EXERCISE BRIEF
From the entries below, reproduce exactly the lines from the one with "Кровля − конструкция, защищающая" through the one with "这面楼墙上刷着红底白字的大标", both included, without images.

EXTRACTED ENTRIES
::::

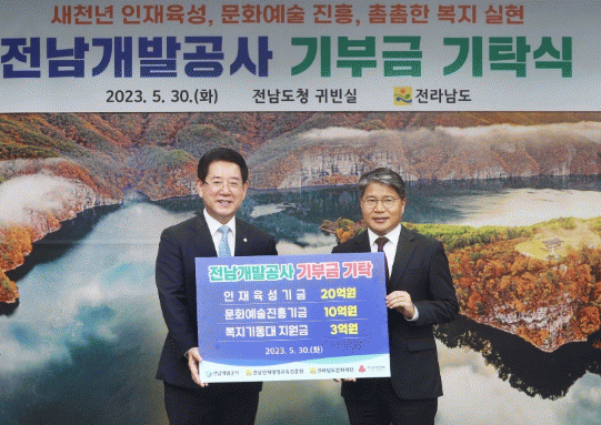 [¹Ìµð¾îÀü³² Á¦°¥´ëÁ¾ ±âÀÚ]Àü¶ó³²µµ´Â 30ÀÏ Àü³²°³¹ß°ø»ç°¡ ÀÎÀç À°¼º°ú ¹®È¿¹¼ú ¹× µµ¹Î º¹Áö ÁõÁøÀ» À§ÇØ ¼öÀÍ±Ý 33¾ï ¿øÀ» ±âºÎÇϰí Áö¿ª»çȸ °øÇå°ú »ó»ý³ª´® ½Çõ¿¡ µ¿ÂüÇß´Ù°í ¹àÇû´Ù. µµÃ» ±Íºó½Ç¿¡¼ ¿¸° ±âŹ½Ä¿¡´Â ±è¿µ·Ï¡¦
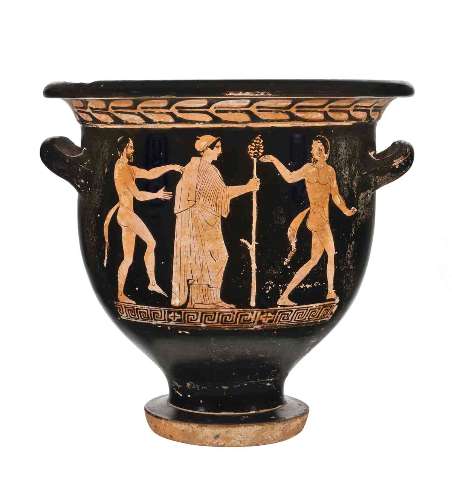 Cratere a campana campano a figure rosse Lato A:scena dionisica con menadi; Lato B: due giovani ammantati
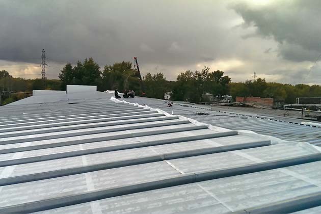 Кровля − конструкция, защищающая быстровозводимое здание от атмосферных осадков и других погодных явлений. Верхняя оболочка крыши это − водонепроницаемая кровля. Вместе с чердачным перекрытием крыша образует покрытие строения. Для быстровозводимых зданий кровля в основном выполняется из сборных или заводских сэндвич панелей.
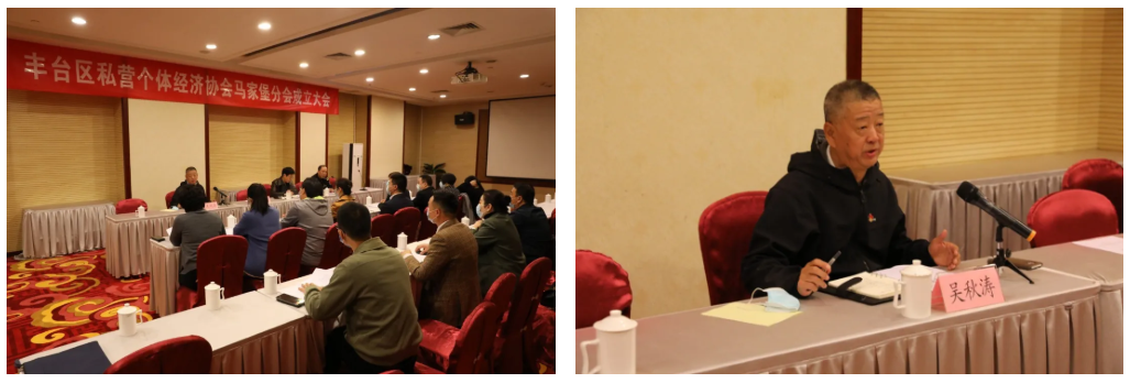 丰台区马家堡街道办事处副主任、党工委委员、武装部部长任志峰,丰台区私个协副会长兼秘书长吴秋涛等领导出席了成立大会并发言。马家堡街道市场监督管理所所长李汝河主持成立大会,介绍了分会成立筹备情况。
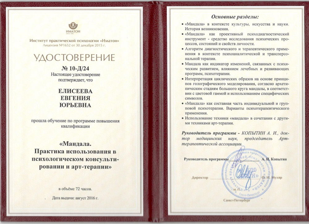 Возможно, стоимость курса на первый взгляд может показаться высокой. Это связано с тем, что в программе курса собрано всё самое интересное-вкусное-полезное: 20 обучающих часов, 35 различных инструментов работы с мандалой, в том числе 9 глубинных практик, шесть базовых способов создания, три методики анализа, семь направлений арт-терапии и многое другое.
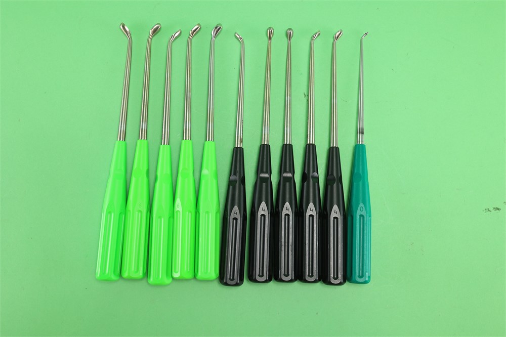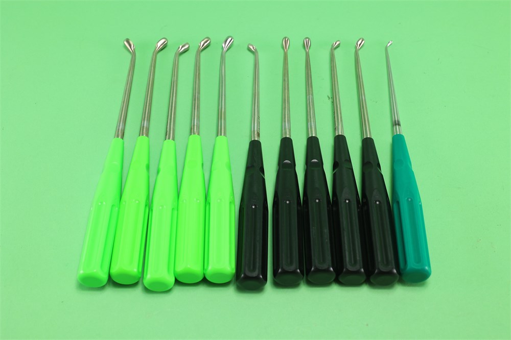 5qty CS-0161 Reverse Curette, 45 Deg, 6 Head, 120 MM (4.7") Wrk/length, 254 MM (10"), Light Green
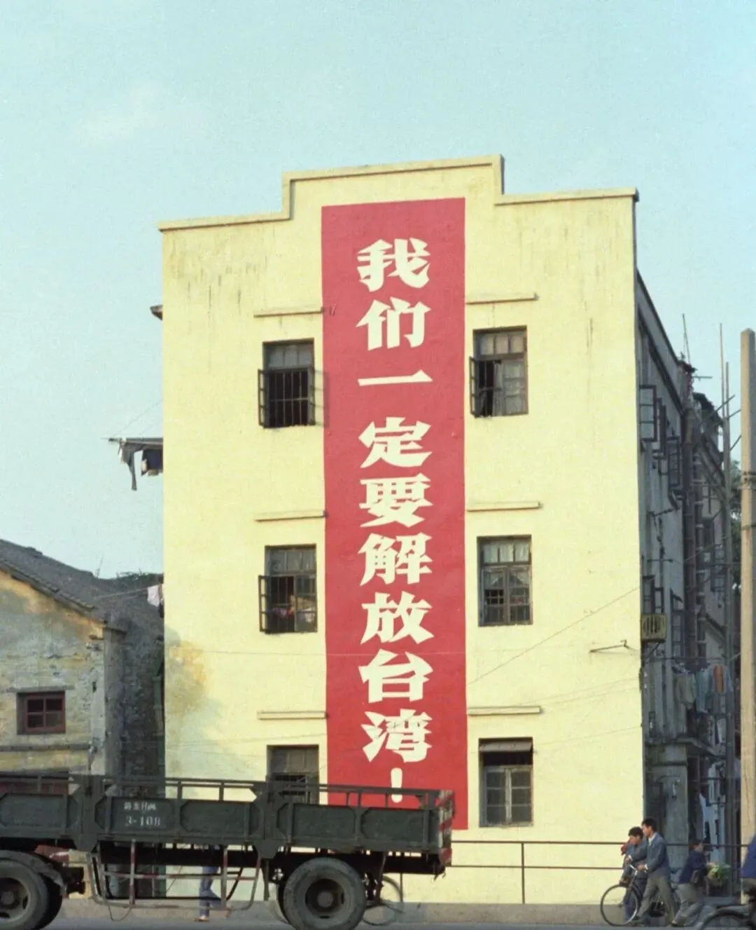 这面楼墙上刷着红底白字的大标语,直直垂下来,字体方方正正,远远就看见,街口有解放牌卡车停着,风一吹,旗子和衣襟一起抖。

::::

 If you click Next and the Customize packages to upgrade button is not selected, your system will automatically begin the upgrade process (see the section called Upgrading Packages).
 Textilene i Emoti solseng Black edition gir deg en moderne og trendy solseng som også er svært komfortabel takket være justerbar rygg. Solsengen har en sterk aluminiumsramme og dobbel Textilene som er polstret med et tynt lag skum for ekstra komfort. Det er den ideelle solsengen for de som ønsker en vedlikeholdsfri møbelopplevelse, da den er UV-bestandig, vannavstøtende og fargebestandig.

::::

PROBLEM SOLUTION
 Кровля − конструкция, защищающая быстровозводимое здание от атмосферных осадков и других погодных явлений. Верхняя оболочка крыши это − водонепроницаемая кровля. Вместе с чердачным перекрытием крыша образует покрытие строения. Для быстровозводимых зданий кровля в основном выполняется из сборных или заводских сэндвич панелей.
 丰台区马家堡街道办事处副主任、党工委委员、武装部部长任志峰,丰台区私个协副会长兼秘书长吴秋涛等领导出席了成立大会并发言。马家堡街道市场监督管理所所长李汝河主持成立大会,介绍了分会成立筹备情况。
 Возможно, стоимость курса на первый взгляд может показаться высокой. Это связано с тем, что в программе курса собрано всё самое интересное-вкусное-полезное: 20 обучающих часов, 35 различных инструментов работы с мандалой, в том числе 9 глубинных практик, шесть базовых способов создания, три методики анализа, семь направлений арт-терапии и многое другое.
 5qty CS-0161 Reverse Curette, 45 Deg, 6 Head, 120 MM (4.7") Wrk/length, 254 MM (10"), Light Green
 这面楼墙上刷着红底白字的大标语,直直垂下来,字体方方正正,远远就看见,街口有解放牌卡车停着,风一吹,旗子和衣襟一起抖。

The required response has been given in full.